◆ WORK REQUEST ◆
Apart from the pictures, the listing is to be returned exactly.
===== INPUT DATA =====
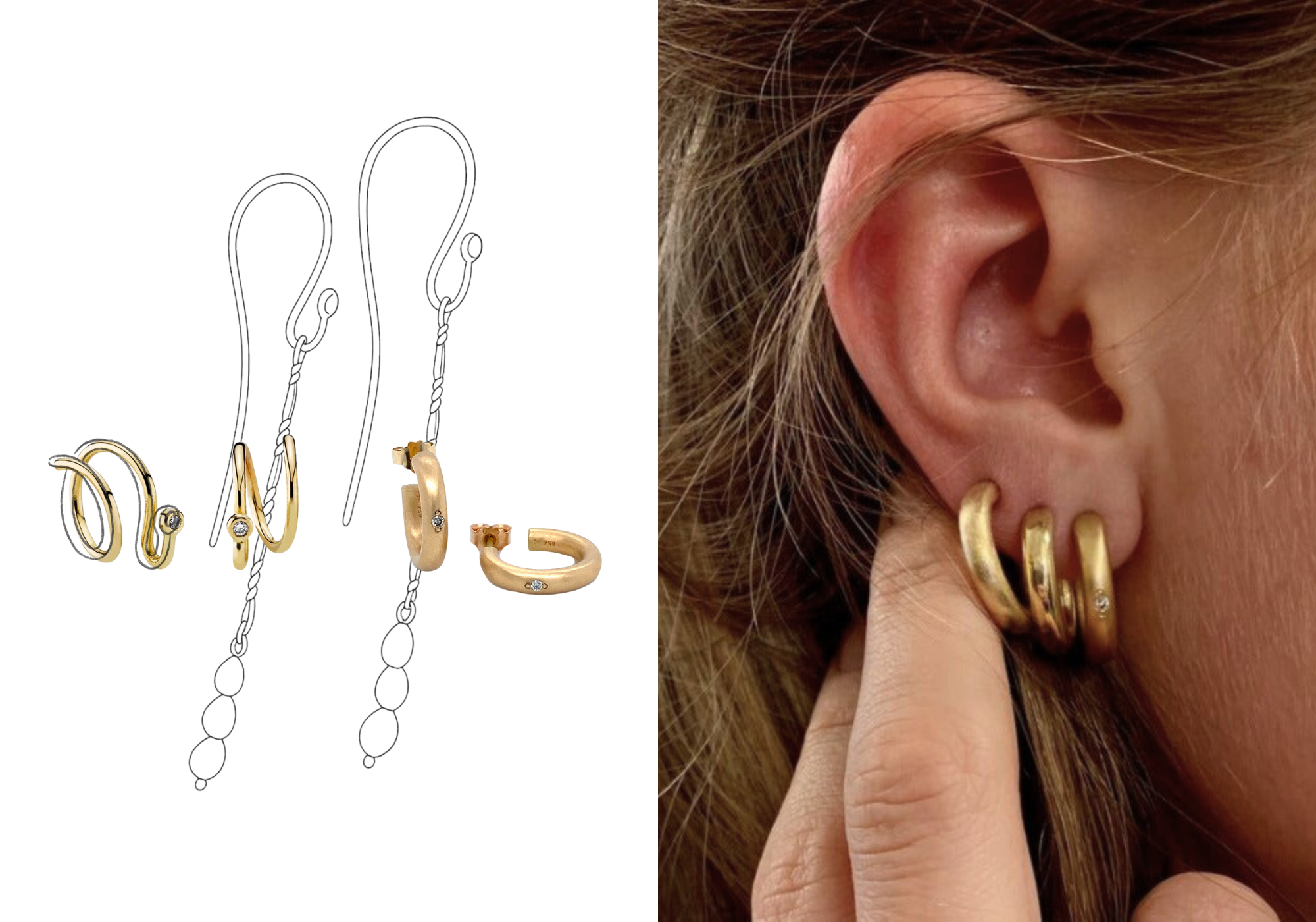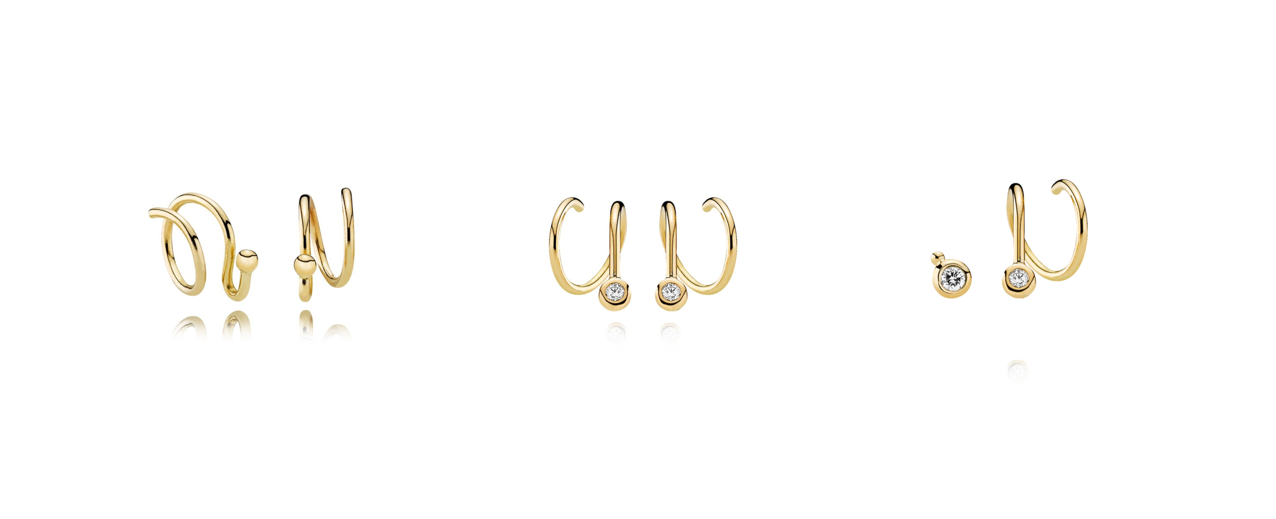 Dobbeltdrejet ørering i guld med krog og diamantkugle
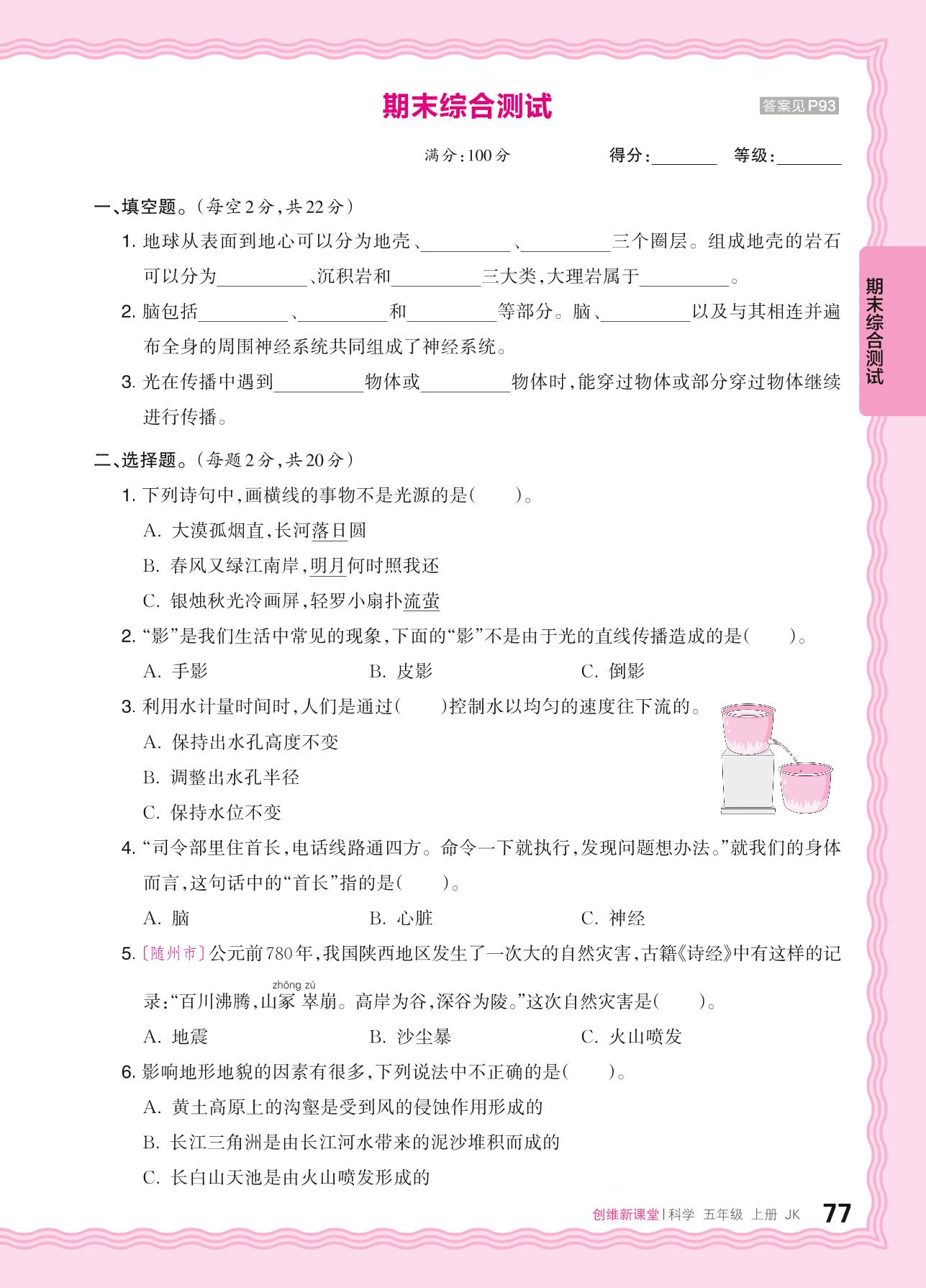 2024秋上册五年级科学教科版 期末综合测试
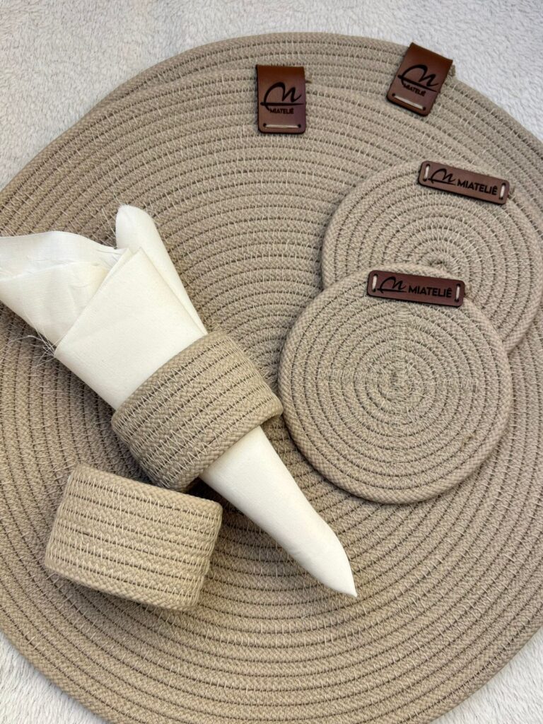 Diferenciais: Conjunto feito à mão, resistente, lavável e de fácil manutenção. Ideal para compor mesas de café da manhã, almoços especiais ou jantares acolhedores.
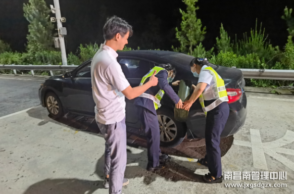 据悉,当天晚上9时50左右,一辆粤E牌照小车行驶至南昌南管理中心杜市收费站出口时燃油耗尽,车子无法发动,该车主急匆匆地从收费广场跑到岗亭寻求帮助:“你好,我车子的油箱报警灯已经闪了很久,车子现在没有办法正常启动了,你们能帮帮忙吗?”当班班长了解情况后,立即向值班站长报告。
=====
◆ ANSWER SPACE ◆
 Dobbeltdrejet ørering i guld med krog og diamantkugle
 2024秋上册五年级科学教科版 期末综合测试
 Diferenciais: Conjunto feito à mão, resistente, lavável e de fácil manutenção. Ideal para compor mesas de café da manhã, almoços especiais ou jantares acolhedores.
 据悉,当天晚上9时50左右,一辆粤E牌照小车行驶至南昌南管理中心杜市收费站出口时燃油耗尽,车子无法发动,该车主急匆匆地从收费广场跑到岗亭寻求帮助:“你好,我车子的油箱报警灯已经闪了很久,车子现在没有办法正常启动了,你们能帮帮忙吗?”当班班长了解情况后,立即向值班站长报告。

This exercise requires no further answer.